Amazon.com Review
The inside story of how U.S. President Bill Clinton became involved in the Irish peace process,
Daring Diplomacy recounts the secret negotiations that infuriated the British government but ultimately led to a cease-fire in Northern Ireland. Conor O'Clery was the Washington bureau chief for the
Irish Times throughout the early years of the Clinton Administration, and his insight into the situation in Ireland was matched by his access to the key players.
Daring Diplomacy benefits not only from O'Clery's presence at many key events, but from his diligent reporting and his ability to reconstruct some of the behind-the-scenes negotiations. The picture that emerges is of an American government willing to try innovative means to find peace and combatants seeking to overcome distrust and renounce violence.

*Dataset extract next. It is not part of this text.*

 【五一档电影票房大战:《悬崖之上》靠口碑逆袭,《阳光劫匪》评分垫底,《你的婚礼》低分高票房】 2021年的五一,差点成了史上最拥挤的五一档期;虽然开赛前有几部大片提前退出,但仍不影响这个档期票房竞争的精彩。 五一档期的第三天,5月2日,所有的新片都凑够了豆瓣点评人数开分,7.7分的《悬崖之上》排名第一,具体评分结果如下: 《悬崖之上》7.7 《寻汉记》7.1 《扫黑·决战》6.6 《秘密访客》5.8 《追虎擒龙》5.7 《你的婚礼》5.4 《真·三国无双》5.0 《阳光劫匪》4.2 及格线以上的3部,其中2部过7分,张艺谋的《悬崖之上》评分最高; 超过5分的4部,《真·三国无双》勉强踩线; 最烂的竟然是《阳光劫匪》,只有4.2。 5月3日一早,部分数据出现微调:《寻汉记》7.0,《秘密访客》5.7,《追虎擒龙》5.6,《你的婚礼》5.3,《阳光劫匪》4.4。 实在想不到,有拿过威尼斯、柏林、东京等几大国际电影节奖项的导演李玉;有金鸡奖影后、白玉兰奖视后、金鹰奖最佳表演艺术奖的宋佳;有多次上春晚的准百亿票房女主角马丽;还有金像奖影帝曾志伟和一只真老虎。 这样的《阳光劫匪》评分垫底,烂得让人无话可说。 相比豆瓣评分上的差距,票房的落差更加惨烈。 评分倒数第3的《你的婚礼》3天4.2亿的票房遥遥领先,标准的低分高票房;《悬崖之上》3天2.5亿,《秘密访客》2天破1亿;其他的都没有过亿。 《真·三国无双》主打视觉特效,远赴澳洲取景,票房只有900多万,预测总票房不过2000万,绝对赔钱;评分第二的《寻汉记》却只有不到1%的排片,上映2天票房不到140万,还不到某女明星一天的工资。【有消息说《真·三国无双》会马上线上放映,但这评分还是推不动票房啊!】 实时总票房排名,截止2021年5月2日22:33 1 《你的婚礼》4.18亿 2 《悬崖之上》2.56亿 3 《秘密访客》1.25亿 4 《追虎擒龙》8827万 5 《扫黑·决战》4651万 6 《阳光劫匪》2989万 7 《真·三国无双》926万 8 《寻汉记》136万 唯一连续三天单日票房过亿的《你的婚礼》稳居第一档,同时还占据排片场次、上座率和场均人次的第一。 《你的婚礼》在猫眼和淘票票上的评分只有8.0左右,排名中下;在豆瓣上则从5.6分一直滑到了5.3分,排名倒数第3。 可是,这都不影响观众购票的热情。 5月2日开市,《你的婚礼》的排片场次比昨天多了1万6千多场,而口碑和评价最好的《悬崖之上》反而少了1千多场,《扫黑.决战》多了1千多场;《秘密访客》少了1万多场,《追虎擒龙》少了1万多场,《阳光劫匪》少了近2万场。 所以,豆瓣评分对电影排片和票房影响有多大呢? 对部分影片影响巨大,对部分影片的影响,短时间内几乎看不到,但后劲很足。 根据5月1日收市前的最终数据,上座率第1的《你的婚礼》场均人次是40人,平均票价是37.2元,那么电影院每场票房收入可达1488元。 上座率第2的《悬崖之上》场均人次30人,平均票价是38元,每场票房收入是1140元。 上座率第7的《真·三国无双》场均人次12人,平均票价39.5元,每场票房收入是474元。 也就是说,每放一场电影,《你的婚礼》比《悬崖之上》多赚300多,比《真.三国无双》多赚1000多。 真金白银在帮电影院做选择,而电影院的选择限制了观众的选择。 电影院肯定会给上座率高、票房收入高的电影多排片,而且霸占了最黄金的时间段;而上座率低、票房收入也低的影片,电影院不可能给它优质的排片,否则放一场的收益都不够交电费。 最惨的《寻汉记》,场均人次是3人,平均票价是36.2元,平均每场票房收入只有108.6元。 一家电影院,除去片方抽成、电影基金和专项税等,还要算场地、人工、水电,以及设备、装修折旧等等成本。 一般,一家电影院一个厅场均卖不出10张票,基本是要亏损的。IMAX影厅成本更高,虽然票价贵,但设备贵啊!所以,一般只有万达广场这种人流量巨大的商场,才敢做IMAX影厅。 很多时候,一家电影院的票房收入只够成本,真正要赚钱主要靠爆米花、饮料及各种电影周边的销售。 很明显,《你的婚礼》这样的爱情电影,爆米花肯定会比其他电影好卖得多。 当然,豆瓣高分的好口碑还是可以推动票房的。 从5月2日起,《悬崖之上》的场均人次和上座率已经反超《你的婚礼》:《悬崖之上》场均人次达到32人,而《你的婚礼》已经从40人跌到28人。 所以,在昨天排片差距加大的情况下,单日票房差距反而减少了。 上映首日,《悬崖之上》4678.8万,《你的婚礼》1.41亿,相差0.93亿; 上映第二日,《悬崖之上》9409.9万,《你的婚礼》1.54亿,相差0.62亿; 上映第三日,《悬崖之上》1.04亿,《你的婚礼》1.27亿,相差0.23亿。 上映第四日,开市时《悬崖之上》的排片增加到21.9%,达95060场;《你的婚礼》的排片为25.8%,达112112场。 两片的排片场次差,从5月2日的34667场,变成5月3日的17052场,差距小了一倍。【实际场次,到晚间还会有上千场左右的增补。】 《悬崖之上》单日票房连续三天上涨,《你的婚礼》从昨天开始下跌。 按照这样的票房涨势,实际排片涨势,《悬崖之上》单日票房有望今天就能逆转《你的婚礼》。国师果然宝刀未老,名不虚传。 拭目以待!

Irish Times correspondent O'Clery had the good fortune to be assigned to Washington, D.C., from 1991 to 1996: a period when "the troubles" in Northern Ireland--and the potential for peace there--drew the attention of U.S. policy makers in a way and to a degree seldom matched in the history of U.S.-U.K.-Eire relations. Few American reporters saw how "newsworthy" these developments were or informed readers of the genuine accomplishments of the Clinton administration in taking chances to improve the prospects for peace. Equally important, few within the U.S. media had the relationships O'Clery maintained in the U.S. Irish-American community, which permit him to trace the significant involvement of activists outside government in encouraging outside-the-box diplomatic strategies. Most likely to circulate in Irish-American communities and where books by participants in this drama (Clinton, John Major, Gerry Adams of Sinn Fein, Senators Kennedy and Dodd, former Senate Majority Leader George Mitchell) have had appeal.